■ Task details
The copy you produce must hold every record exactly, and none of the images.

Available records START

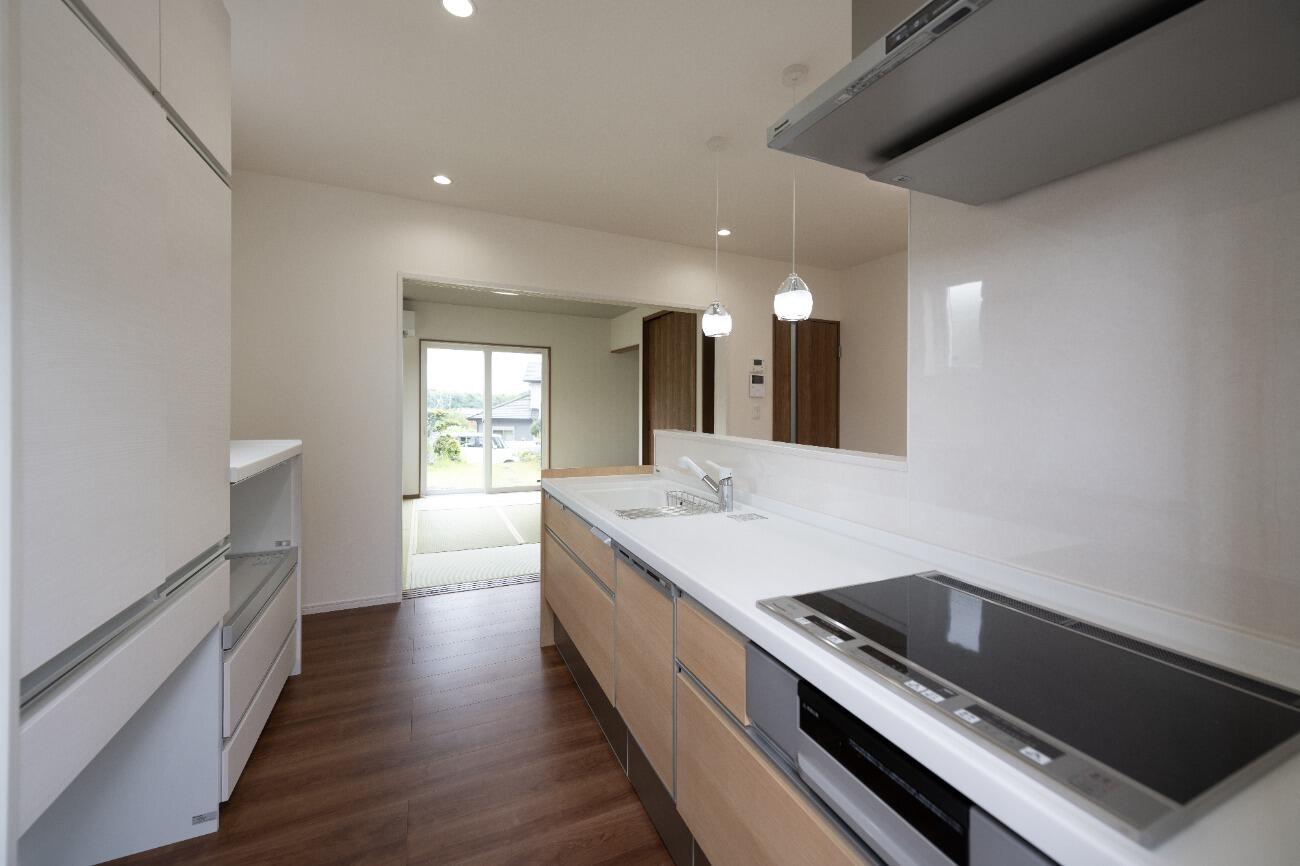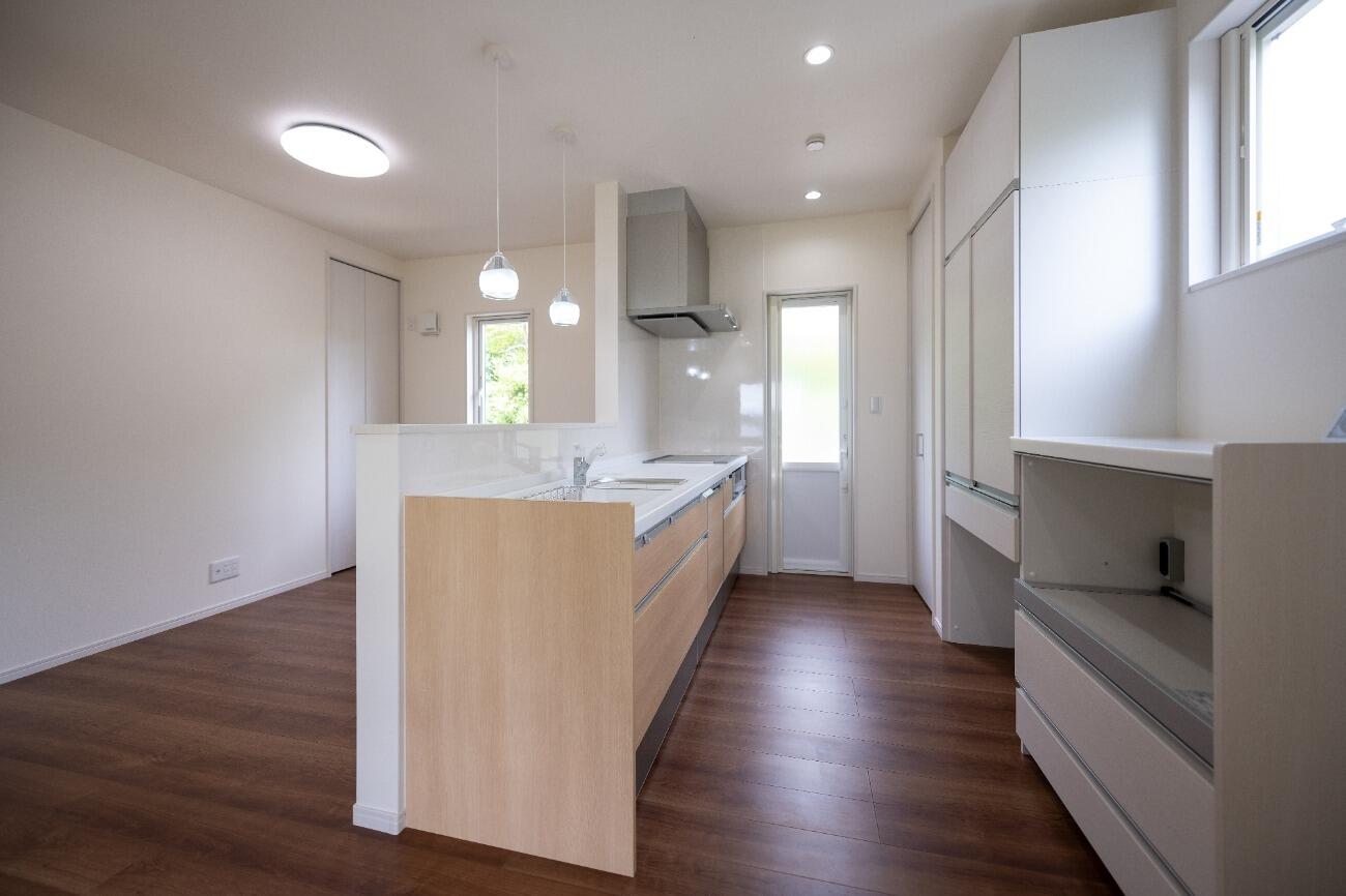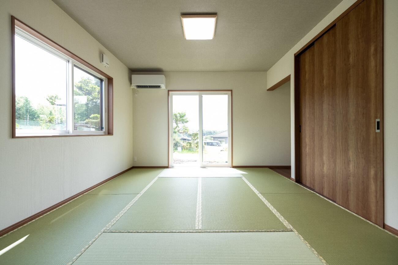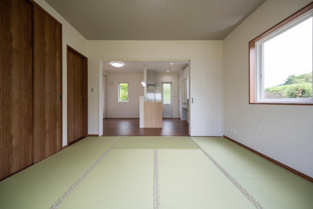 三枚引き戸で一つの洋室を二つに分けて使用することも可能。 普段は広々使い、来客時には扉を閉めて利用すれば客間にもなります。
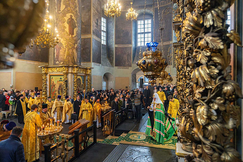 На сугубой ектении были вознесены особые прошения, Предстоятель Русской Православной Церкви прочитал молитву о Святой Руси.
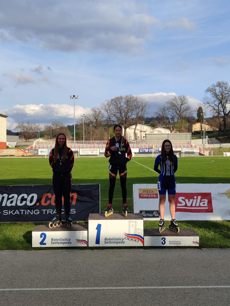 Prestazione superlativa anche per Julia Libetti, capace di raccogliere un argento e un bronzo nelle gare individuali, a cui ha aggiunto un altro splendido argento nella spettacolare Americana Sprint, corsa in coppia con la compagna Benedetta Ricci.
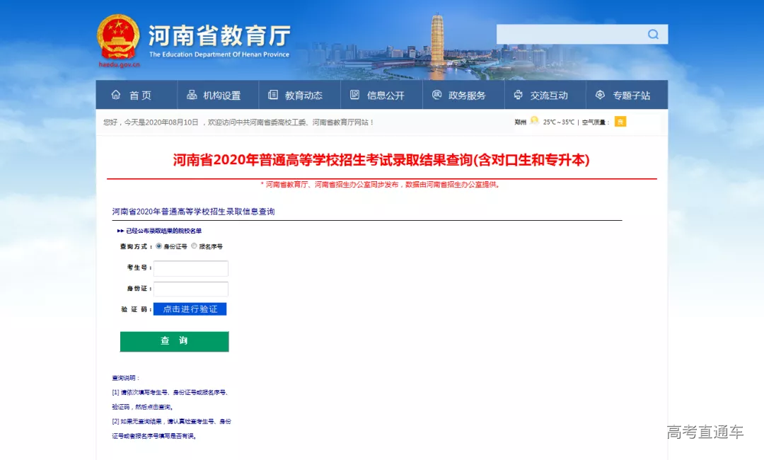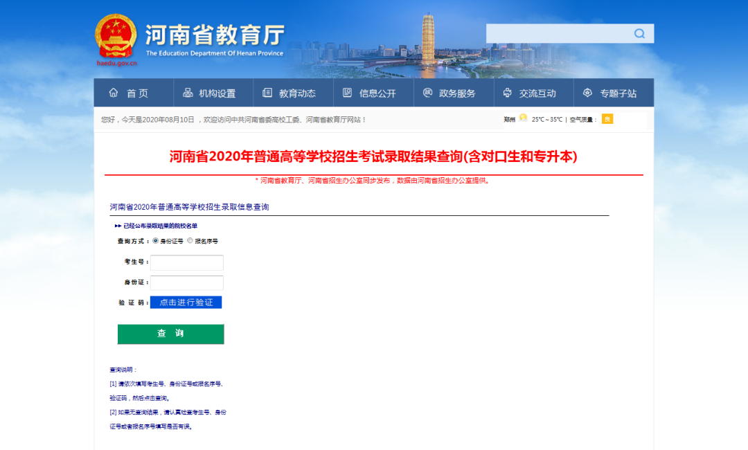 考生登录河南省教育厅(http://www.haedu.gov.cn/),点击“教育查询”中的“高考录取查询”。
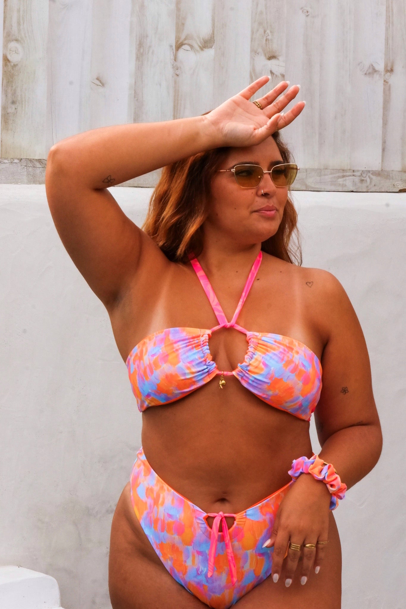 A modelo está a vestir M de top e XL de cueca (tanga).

Available records END

■ Solved problem
 三枚引き戸で一つの洋室を二つに分けて使用することも可能。 普段は広々使い、来客時には扉を閉めて利用すれば客間にもなります。
 На сугубой ектении были вознесены особые прошения, Предстоятель Русской Православной Церкви прочитал молитву о Святой Руси.
 Prestazione superlativa anche per Julia Libetti, capace di raccogliere un argento e un bronzo nelle gare individuali, a cui ha aggiunto un altro splendido argento nella spettacolare Americana Sprint, corsa in coppia con la compagna Benedetta Ricci.
 考生登录河南省教育厅(http://www.haedu.gov.cn/),点击“教育查询”中的“高考录取查询”。
 A modelo está a vestir M de top e XL de cueca (tanga).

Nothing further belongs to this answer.